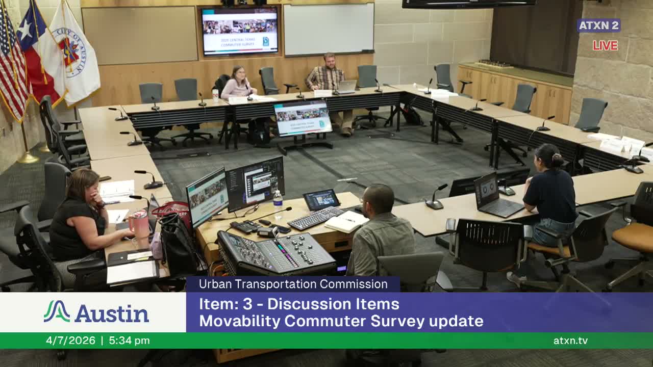 Moveability presented a 2025 regional commuter survey of 1,874 respondents showing a 71% drive-alone rate across six counties (68% in the three-county Travis/Hays/Williamson area), a drop in bike commuting and evidence that employer subsidies increase active/shared-mode use.
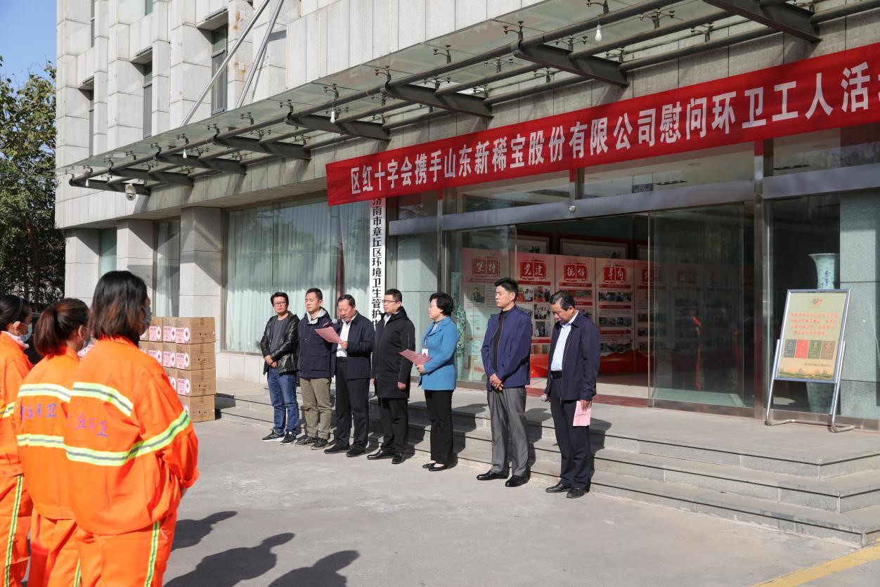 2020年11月3日,新稀寶集團(tuán)攜手章丘區(qū)紅十字會為章丘區(qū)環(huán)衛(wèi)工人送去溫暖問候。捐贈善卡優(yōu)乳清乳鐵蛋白固體飲料共1200罐,總價值432000元。
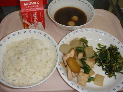今日の献立は,「麦ごはん・牛乳・平天とこんにゃくの煮つけ・大根葉のごまいため・ぜんざい」でした。
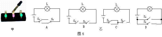 为了生活方便,卧室里的同一个照明灯通常用两个开关控制。一个安装在进门处,另一个安装在床头附近,操作任意一个开关均可以开灯、关灯。图5(乙)是小明设计的四个电路模型,能满足要求的是(A图中的Sl、S2及C图中的S1为单刀双掷开关——有三个接线柱,中间接线柱上接有金属片,可分别与左、右接线柱连通,连通一侧的同时会使另一侧断开,如图5甲所示,其电路图符号是
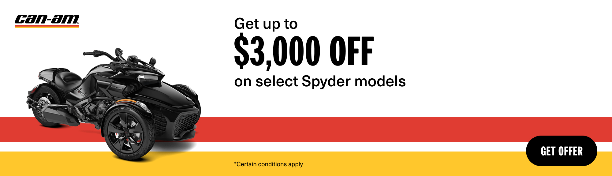 ©2025 Bombardier Recreational Products Inc. (BRP). All rights reserved. ®, ™ and the BRP logo are trademarks of BRP or its affiliates. In the U.S.A., products are distributed by BRP US Inc. Offers valid in U.S.A. only between February 1, 2025 - January 31, 2026. The conditions may vary depending on your location and this offer is subject to termination or change at any time without notice. This offer is not refundable, exchangeable or transferable (including from one dealership to another), cannot be redeemed for cash, credit or other products of equivalent value. Null where prohibited by law. Until supplies last. Eligible units are all new and unused 2025- 2022 Can-Am Spyder and Ryker models. Other Can-Am On-Road models may qualify for other promotions, see local dealers for details.

-- Task statement --
Using the entries above, transcribe exactly from the line that has "2020年11月3日,新稀寶" through the line that has "为了生活方便,卧室里的同一个". Pictures are dropped.

-- Solution for this task --
 2020年11月3日,新稀寶集團(tuán)攜手章丘區(qū)紅十字會為章丘區(qū)環(huán)衛(wèi)工人送去溫暖問候。捐贈善卡優(yōu)乳清乳鐵蛋白固體飲料共1200罐,總價值432000元。
今日の献立は,「麦ごはん・牛乳・平天とこんにゃくの煮つけ・大根葉のごまいため・ぜんざい」でした。
 为了生活方便,卧室里的同一个照明灯通常用两个开关控制。一个安装在进门处,另一个安装在床头附近,操作任意一个开关均可以开灯、关灯。图5(乙)是小明设计的四个电路模型,能满足要求的是(A图中的Sl、S2及C图中的S1为单刀双掷开关——有三个接线柱,中间接线柱上接有金属片,可分别与左、右接线柱连通,连通一侧的同时会使另一侧断开,如图5甲所示,其电路图符号是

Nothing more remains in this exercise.